HLA association analysis

In the analysis of HLA imputation using HIBAG, we found 19 HLA alleles associated with IBD, CD or UC (Table 4). Eight of those alleles were significant when all IBD patients were analysed; 10 when only CD patients were analysed; and 9 when only patients with UC were analysed (Table 4). The most significant haplotype was HLA_A_0201 in UC (p = 1.21 × 10−5, OR = 1.99), a signal previously known in UC (Table 4). Among the haplotypes, we found that 7 haplotypes were not previously associated with IBD or its subtypes (Table 4).

Table 4

HLA imputation association results in the Basque IBD cohort, significant alleles.

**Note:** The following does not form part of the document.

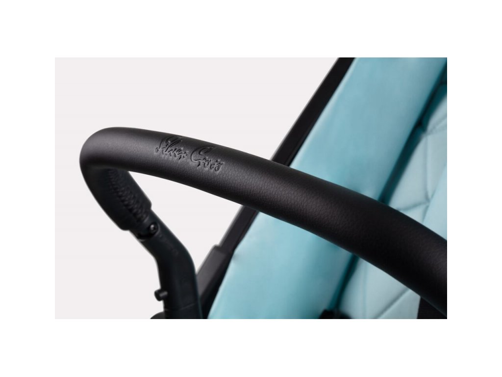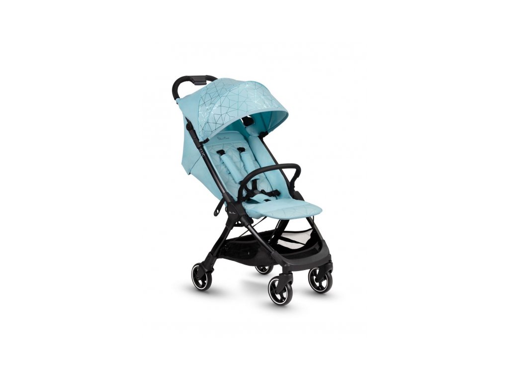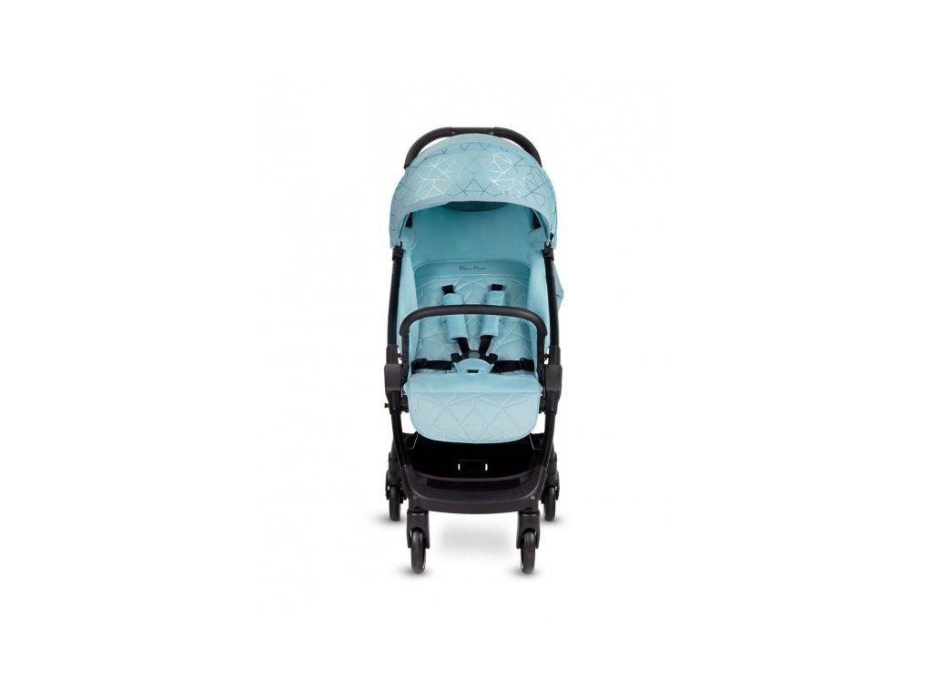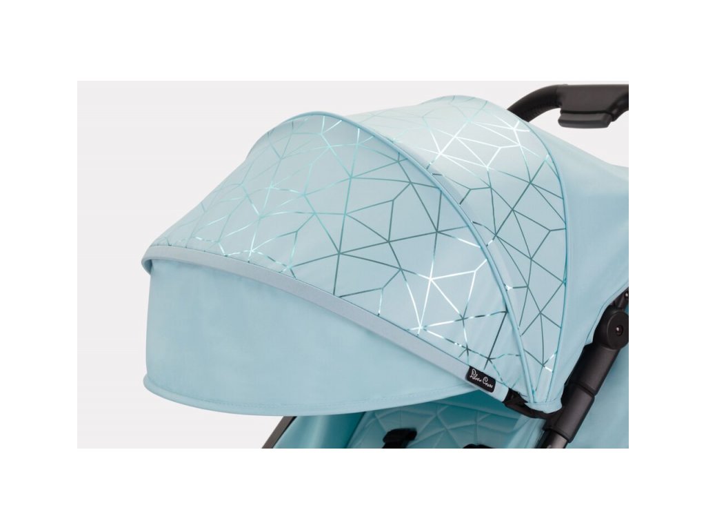 Kočárek upoutá svým originálním geometrickým vzorem na stříšce a sedáku, inspirovaným lomeným světlem. Na stříšce je vzor tvořen metalickým potiskem, na polstrovaném sedáku jej tvoří prošívání.

HLA allele	MAF	IBD (498/935)		CD (284/935)		UC (208/935)		Previously known
		p	OR	p	OR	p	OR
HLA_A_3301	0.016	0.032	0.4	0.087	0.4	0.163	0.5
HLA_A_2902	0.092	0.264	1.2	0.049	1.4	0.552	0.9	UC
HLA_A_0201	0.262	0.002	1.4	0.336	1.1	1.2E-05	2.0	UC
HLA_A_3002	0.037	0.027	0.6	0.060	0.6	0.165	0.6
HLA_A_6801	0.018	0.007	0.3	0.018	0.2	0.166	0.5
HLA_C_0102	0.035	0.033	0.6	0.024	0.5	0.411	0.8
HLA_C_1601	0.087	0.111	1.3	0.040	1.4	0.834	1.0	UC
HLA_C_0702	0.125	0.470	1.1	0.605	0.9	0.049	1.4	UC
HLA_B_0702	0.122	0.311	1.1	0.668	0.9	0.015	1.5	UC
HLA_DRB1_1101	0.063	0.360	1.2	0.722	0.9	0.044	1.5	UC
HLA_DRB1_0301	0.107	0.010	0.7	0.016	0.6	0.175	0.8	CD, UC
HLA_DRB1_0701	0.193	0.953	1.0	0.039	1.3	0.014	0.6	CD, UC
HLA_DQA1_0104	0.024	0.545	1.2	0.394	0.7	0.043	1.9
HLA_DQA1_0201	0.193	0.890	1.0	0.038	1.3	0.020	0.7	CD, UC
HLA_DQA1_0501	0.107	0.016	0.7	0.026	0.7	0.191	0.8
HLA_DQB1_0503	0.024	0.545	1.2	0.394	0.7	0.043	1.9
HLA_DQB1_0201	0.106	0.013	0.7	0.018	0.6	0.191	0.8	CD, UC
HLA_DQB1_0202	0.162	0.464	0.9	0.193	1.2	0.003	0.6	UC
HLA_DPB1_1101	0.062	0.230	1.2	0.035	1.5	0.735	0.9	UC

Below the subtype, between brackets, the number of cases and controls analysed.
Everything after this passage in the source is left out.